The influence of TiO2 nanoparticles with different volume concentrations in water on heat transfer, friction and thermal performance is explored, and finite volume method is used to clarify the heat transfer in a tube inserted with twisted tape (TT). In the experiment, swirling tubes are generated by TT insert with the twisted ratio (y/w) of 3.0 in the range of Reynolds number between 5400 and 15,200. The mathematical modeling which involves the prediction of flow behaviors in a tube is also conducted. The concentration of nanofluid (ϕ) was varied from 0.07 % to 0.21 % by volume. The results revealed that TiO2 nanoparticles suspended in water enhanced thermal conductivity, and movement of TiO2 nanoparticles delivered energy exchange.

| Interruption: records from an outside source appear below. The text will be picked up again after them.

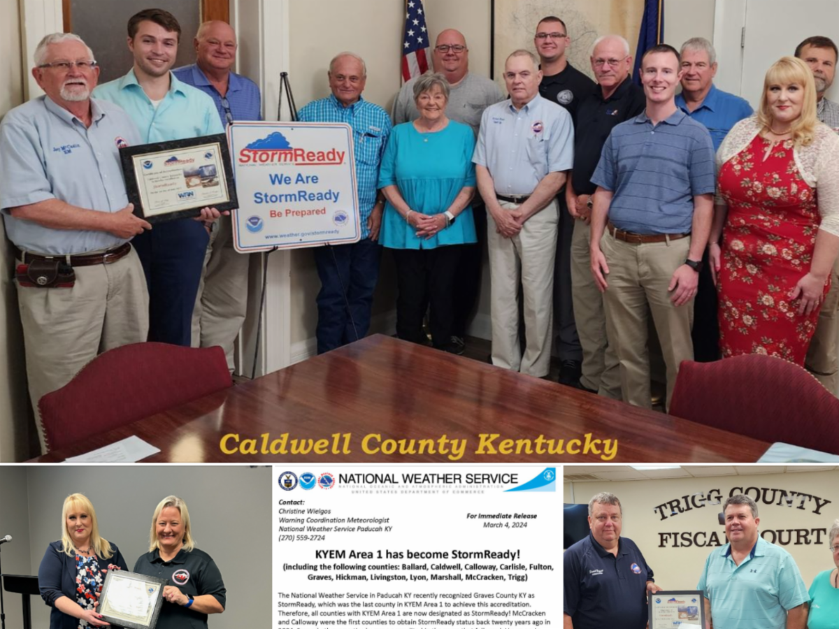 With the recent addition of Graves County, KYEM Area 1 is the only complete area in Kentucky to hold the StormReady accreditation that signifies a significant step in community preparedness for hazardous weather. Counties in this area include: Ballard, Caldwell, Calloway, Carlisle, Fulton, Graves, Hickman, Livingston, Lyon, Marshall, McCracken and Trigg. | |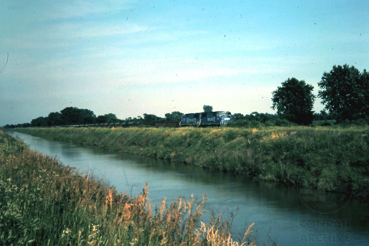 BUHE-9X is heading westbound on the Kankakee Secondary at State Line, IN on July 19, 1997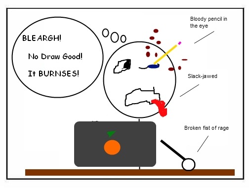 Yes, my drawings largely look they were drawn by someone with tiny, disproportionate arms flailing about like a spaz, barely able to contain a drawing implement.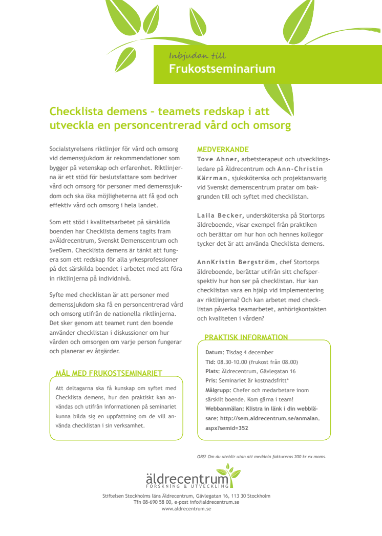 Tillsammans med Svenskt Demenscentrum och SveDem har Äldrecentrum tagit fram en checklista som är tänkt att vara ett stöd för personal som arbetar i särskilt boende. Checklistan bygger på Socialstyrelsens nationella riktlinjer och syftar till att sätta fokus på persocentrerad omvårdnad.

Although an increase of TiO2 concentration led to an increase in friction due to small particles suspending in fluid, the heat transfer and thermal performance could enhance significantly. As compared to pure water, the presence of TT with TiO2 nanoparticles at ϕ = 0.07 %, ϕ = 0.14 % and ϕ = 0.21 % indicated a 0.7 %, 1.7 % and 3.1 % higher thermal performance, respectively. With a higher Reynolds number, the thermal performance would be less pronounced due to high flow friction. From the experimental results, the understanding in relation to the effects of TiO2 concentration and Reynolds number on Nusselt number (Nu), friction factor (f) and thermal performance factor (η) is presented for a wide range of thermophysics and heat transfer application.